As this blog has been explaining for a while, the rationale in Mensing – that “[t]he question for ‘impossibility’ is whether the private party could independently do under federal law what state law requires of it” –  could apply to innovator (brand-name) pharmaceutical manufacturers and not just to generics.  131 S. Ct. 2567, 2579 (2013).  About a year ago, this blog reported on cases in which defendants argued for the application of the impossibility preemption doctrine outside of the context of generic drugs.  Since that time, there have been several new decisions involving innovator pharmaceutical manufacturers arguing for the application of impossibility preemption principles.  It makes sense at this point to condense the available information into one post and assess the question “where are we now?”

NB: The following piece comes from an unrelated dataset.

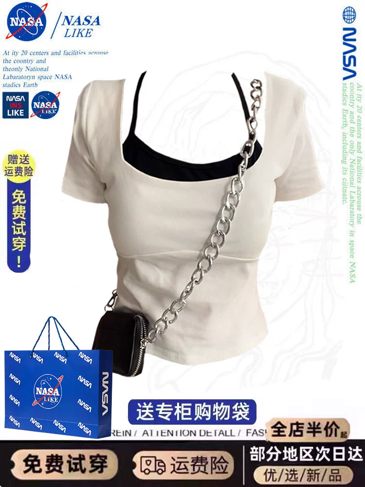 | nameOriginal | NASA short-sleeved summer slim-fitting shoulder top fake two-piece |

First, the relevant statutes in a nutshell:  to obtain FDA approval for a new drug, an innovator manufacturer must prove the safety and efficacy of its product through lengthy clinical testing, while generic drugs can gain FDA approval by showing that the product is equivalent to a brand-name drug that has already been approved by the FDA.  21 U.S.C. §355(j)(2)(A).  (One caveat – there may be drugs legally marketed today that were not subject to these requirements, such as drugs evaluated prior to 1962 which were instead subject to the FDA’s Drug Efficacy Study Implementation program). This, of course, is not a complete description of the requirements, but you get the gist.  The generic drug application must also show that the safety and efficacy labeling proposed is the same as the labeling approved for the innovator drug.  21 U.S.C. §355(j)(2)(A)(v).

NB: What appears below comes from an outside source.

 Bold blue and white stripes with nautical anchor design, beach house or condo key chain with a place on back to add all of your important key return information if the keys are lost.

Once approved, “major changes” to the labeling of a pharmaceutical product again require FDA preapproval.  21 U.S.C. §314.70(b); FDA, CDER, “Guidance for Industry: Changes to an Approved NDA or ANDA,” 2004 WL 3199016 (FDA, April 1, 2004).  Other changes are sometimes permitted through the “changes-being-effected” (“CBE”) process.  Id. A change made through the CBE process does not require preapproval by the FDA.  Rather, the manufacturer must file a supplemental application with the FDA while simultaneously making the necessary changes to the label. §314.70(c)(6).  In order to make a change under the CBE regulation, the change must:  1) reflect newly required information; and 2) be for the purpose of accomplishing at least one of five objectives listed in §314.70(c)(6)(iii).   Such objectives include a change intended to “add or strengthen a contraindication, warning, [or] precaution,” 21 CFR §314.70(c)(6)(iii)(A)(2006), or “add or strengthen an instruction about dosage and administration that is intended to increase the safe use of the drug product,” §314.70(c)(6)(iii)(C).  For a full description of “major” changes versus those which can be made through the CBE process, see this post.  The FDA will ultimately decide whether to approve the supplemental application.  If not accepted, the manufacturer must change the label to comply with FDA direction.

Following Wyeth v. Levine, 555 U.S. 555 (2009), it appeared that to argue preemption successfully, a brand-name manufacturer must provide “clear evidence” that the FDA would have rejected the relevant label changes.  Then in Mensing, the Supreme Court decided that failure to warn claims against generic manufacturers were preempted, rejecting plaintiff’s argument that a generic manufacturer can be liable for failing to request FDA assistance in changing the labeling to include stronger warnings.  131 S. Ct. at 2578-81.

Mensing held that requesting FDA assistance would not have satisfied the manufacturer’s state law duty to provide adequate labeling as the manufacturer could then comply with state labeling requirements “if, and only if, the FDA and the brand-name manufacturer changed the brand-name label to do so.”  Id. at 2578.  The Court then explained, “[t]he question for ‘impossibility’ is whether the private party could independently do under federal law what state law requires of it.” Id. at 2579.  “[W]hen a party cannot satisfy its state duties without the Federal Government’s special permission and assistance, which is dependent on the exercise of judgment by a federal agency, that party cannot independently satisfy those state duties for preemption purposes.”  Id. at 2580 – 81.  Accordingly, as phrased by the Court in Mensing, the preemption analysis turns on whether the manufacturer could independently make the labeling changes required by law, or whether assistance from a third party (a.k.a. the federal government) would be required to comply with all legal obligations.
This principle could certainly apply to innovator manufacturers as well in circumstances where the manufacturer could not make the proposed changes without government assistance.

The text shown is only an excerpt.